The biggest gift Portland Adult Education received in 2012 was a $30,000 grant written by Samantha Collins when she was just an intern at the program.
Collins started her internship at P.A.E, which teaches English and other skills to prepare adults for college or work, after she graduated in May 2011. (Previously, as a junior at Bowdoin, she had volunteered there.) “Struck by the limited infrastructure of the former elementary school that houses P.A.E, she … decided to write grants seeking additional funding to support the program,” P.A.E Director Rob Wood said. Collins collaborated with a small team on the grant writing.
“She quickly led in identifying possible foundations, setting a schedule, compiling data and composing drafts,” said Anja Hanson, P.A.E’s academic advisor. “Her energy and pluck enabled the team to submit six grants in six months, setting an unprecedented pace and showing senior staff how it could be done. But as she boarded the plane to attend graduate school at Emory University, she knew that five of the grants had been unsuccessful.”
But a couple of weeks after Collins left this summer, a slender envelope arrived from the John T. Gorman Foundation. This time, the news was good: P.A.E had been awarded $30,000 for operating expenses. “Like adult students, Collins refused to give up when she met with failure,” Wood said.
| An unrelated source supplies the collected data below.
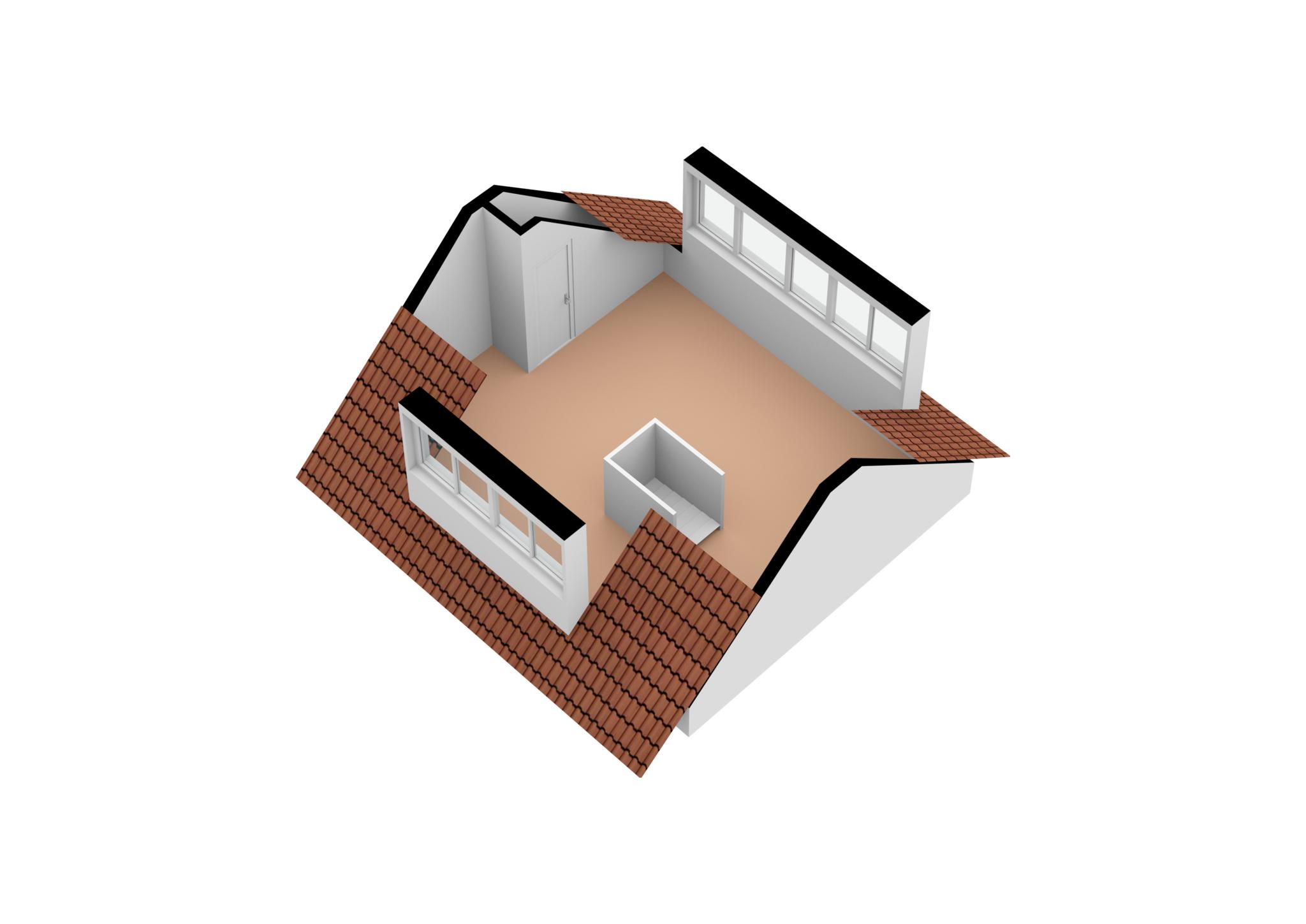 Tweede verdieping: via een afgesloten vaste trap bereik je de ruime en prettig lichte zolderverdieping met aan weerszijden dakkapellen. De cv- ketel is weggewerkt en er is de nodige opbergruimte achter de knieschotten.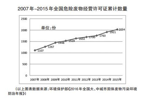 環(huán)境保護(hù)部近日公布的《2016年全國(guó)大、中城市固體廢物污染環(huán)境防治年報(bào)》(以下簡(jiǎn)稱《2016年報(bào)》)顯示,全國(guó)危險(xiǎn)廢物處理能力明顯提高,截至2015年底,各省(區(qū)、市)累計(jì)頒發(fā)的危險(xiǎn)廢物(含醫(yī)療廢物)經(jīng)營(yíng)許可證共2034份,比2014年增加113份,全國(guó)危險(xiǎn)廢物經(jīng)營(yíng)單位核準(zhǔn)危廢處理能力達(dá)5263萬(wàn)噸/年,較同期提高959萬(wàn)噸/年。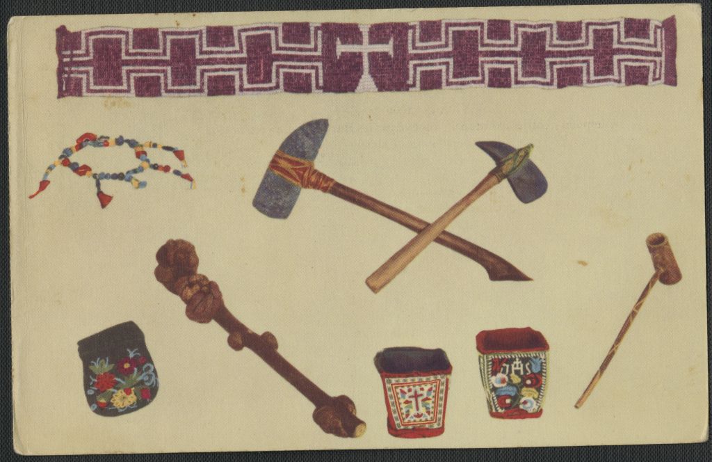 Mission Saint-François-Xavier, Caughnawaga, Qué. souvenirs indiens : wampum, tomahawks, calumet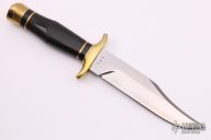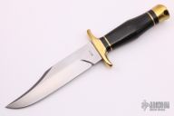 This Fighter from Jim Webb features a satin finish clip point blade with false top edge, .250" blade stock and 1.364" blade depth, hidden tang construction. The handle is comprised of a brass double guard with black linen micarta and brass spacers, black linen micarta handle and brass pommel with lanyard hole over hidden tang construction. Includes padded and zippered case. Excellent condition. #102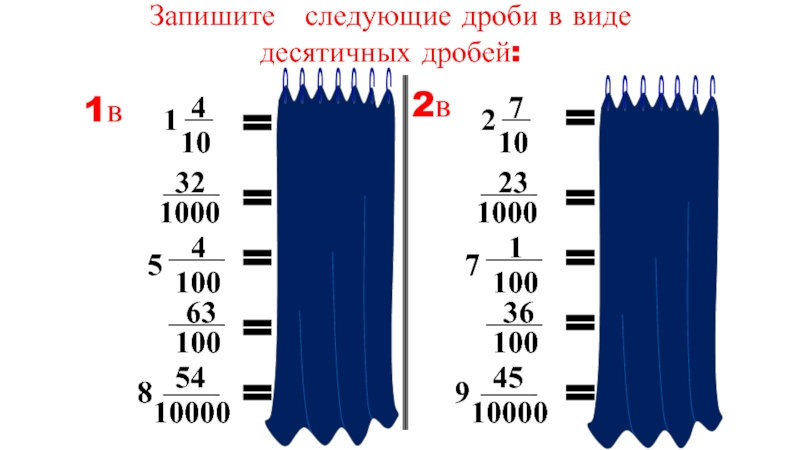 2.Каков знаменатель дроби, если ее десятичная запись содержит 1,2,3 … знаков после запятой?

Collins, who is pursuing a master’s in development practice, described P.A.E as “a magical place where devastation, thirst for learning, dreams and toil collide.” The grant she helped write will ensure that more adult students in Portland achieve their dreams of getting an education, PAE said in a press release.
“Her request was a welcome surprise at a school where most of the students are not only older than Collins, but could be her parents,” said Rob Wood, PAE’s director. “Few young American college graduates know much about adult basic education because they do not need it. Before the age of 18, they learn to speak English fluently, earn high school credentials, succeed on standardized testing and find funding to attend college. The 1,500 adults in PAE’s academic program must work on some or all of these tasks just to get ready for college.”
In her senior year at Bowdoin, Collins won a Maine Campus Compact Award. Maine Campus Compact (MCC) is a consortium of 18 higher education institutions dedicated to promoting community service, civic engagement and service learning in higher education.